# gnome2, firefox4, openjdk6 OK on 8.2-RELEASE i386 !!



## achix (Mar 29, 2011)

Alright, it seems now the system started to run in the correct lane.
Maybe there were some package leftovers in /usr/ports/packages/All from 7.2.
Also work, and options must be dealt with.
*portsclean* helps with those situations.
IMO `# portupgrade -a` or `# portupgrade` of any meta port should perform a `# portsclean -C -DD -L -PP` *before* the actual portupgrade is performed.
Forgetting to do so, the user risks days of frustration.
IMO another switch -O (for options) should be implemented in portsclean which would erase all or some content in /var/db/ports/*/* as well.

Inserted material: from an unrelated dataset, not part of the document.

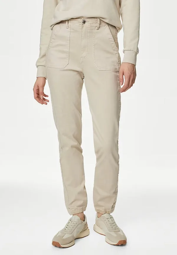 M&S Collection Dames Katoenmix Slim Fit Enkel Grazer Joggers Beige Prijzen

After running *portsclean*, *portupgrade -P gnome2* broke in only two occasions. One (damageproto not being installed correctly) I solved in a harry and did not submit a PR , the other one (libgpg-error-1.10 refusing to build because it was thinking that libiconv was not installed) I solved (FORCE_PKG_REGISTER) and also submitted a PR.
This is not perfect, but wayyyyyy far better than the hell 1 day before.

PS
Sorry for all my bitter tone in previous posts. Frustration/rush/pressure is a bad advisor.


----------



## achix (Jul 22, 2011)

I hate to say that, but using the ready-made package method, while seeming more attractive (time-wise), endangers the system to be left in an undesirable state, e.g. both perl10 and perl12 to be install, or many py26* and their equivalent py27* packages to be installed, which will surely lead to a broken system (make-wise) in the future.
Long-term, maybe, the compile-all method might prove more time-saving.


----------